The ADCs are accurate to about +/- 1% with high impedance loads. You can trust these readings for most sensors.

Note: Use the ADC for signals like temperature, light, or voltage that change slowly.

Other Features (CRC, Watchdog)

You get extra features to keep your project safe and working.

• Cyclic Redundancy Check (CRC): This checks your data for mistakes. It helps you spot errors when sending data.

• Watchdog Timers: These timers watch your program. If your code stops, the watchdog resets the microcontroller. This keeps your system running if something goes wrong.

You can use these features to make your project stronger. CRC helps you trust your data. The watchdog timer stops crashes from hurting your system.

Tip: Always turn on the watchdog timer in important projects. This helps you avoid surprise stops.

Now you know how to use the main peripherals in the STM32F103C8T6 Microcontroller. You can connect, control, and protect your project with these tools.

Model Comparison

STM32F103C8T6 vs STM32F103CBT6

You may wonder how the STM32F103C8T6 and STM32F103CBT6 compare. Both chips have the same number of pins and the same amount of SRAM. You get 48 pins on each chip, so you can connect the same number of devices. The main difference is the size of the Flash memory. The STM32F103CBT6 gives you twice as much Flash as the STM32F103C8T6. This means you can store bigger programs or more data. Both chips support key peripherals like CAN and USB.

Tip: If your project needs more program space, you should pick the STM32F103CBT6.

STM32F103C8T6 vs STM32F103C6T6

You also might look at the STM32F103C6T6. This chip has less Flash and less SRAM than the STM32F103C8T6. You get only 32KB of Flash and 10KB of SRAM. The pin count stays the same at 48 pins. Most basic peripherals are still there, but you may find fewer advanced features. If you want to build a simple project, the STM32F103C6T6 can work well.

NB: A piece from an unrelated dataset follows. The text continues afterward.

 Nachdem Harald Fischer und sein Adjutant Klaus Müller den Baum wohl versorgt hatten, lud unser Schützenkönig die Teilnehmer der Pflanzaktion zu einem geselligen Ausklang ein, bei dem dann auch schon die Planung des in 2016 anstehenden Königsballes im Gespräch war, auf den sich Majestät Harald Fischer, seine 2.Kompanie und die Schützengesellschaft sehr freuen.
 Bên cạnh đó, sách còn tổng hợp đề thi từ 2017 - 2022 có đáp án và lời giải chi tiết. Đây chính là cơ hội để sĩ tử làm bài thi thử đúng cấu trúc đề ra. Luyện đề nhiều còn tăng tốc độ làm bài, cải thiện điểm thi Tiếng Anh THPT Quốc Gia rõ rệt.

• STM32F103C8T6: 64KB Flash, 20KB SRAM, 48 pins

• STM32F103C6T6: 32KB Flash, 10KB SRAM, 48 pins

You should choose the STM32F103C8T6 if you need more memory for your code or data.

Selection Tips

You want to pick the right chip for your project. Here are some tips:

• Choose the STM32F103C8T6 Microcontroller for most medium projects. You get a good balance of memory and features.

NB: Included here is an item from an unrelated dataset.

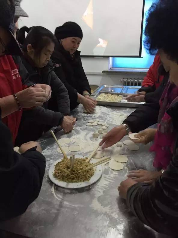 走访当日,社区年会,正在包饺子

• Pick the STM32F103CBT6 if you need more Flash memory for large programs.

• Use the STM32F103C6T6 for simple tasks or when you want to save money.

• Always check if your project needs special peripherals like CAN or USB.

• Think about future updates. More memory gives you room to grow.

🛠️ You can always upgrade to a bigger chip if your project gets more complex.

You now understand the STM32F103C8T6 Microcontroller’s pinout, memory, and peripherals. When you look at pinout tables or the clock tree diagram, you can fix design problems fast. This knowledge helps you make better embedded systems. For more practice, check out these helpful resources:

Try these next steps to grow your skills.

FAQ

What development tools can you use with the STM32F103C8T6?

You can use STM32CubeIDE, Keil uVision, or PlatformIO. These tools help you write, debug, and upload code. You can also use Arduino IDE with the STM32duino core for simple projects.

How do you program the STM32F103C8T6 microcontroller?

You connect the microcontroller to your computer using a USB-to-serial adapter or ST-Link programmer. You use software like STM32CubeProgrammer to upload your code. You set the BOOT0 pin high to enter programming mode.

Can you use Arduino libraries with STM32F103C8T6?

Yes, you can use many Arduino libraries. You install the STM32duino core in Arduino IDE. You write code like you do for Arduino boards. Some libraries may need small changes for STM32 compatibility.

What is the maximum clock speed you can set for STM32F103C8T6?

You can set the clock speed up to 72 MHz. This gives you fast performance for most tasks. You can lower the speed to save power if your project does not need maximum speed.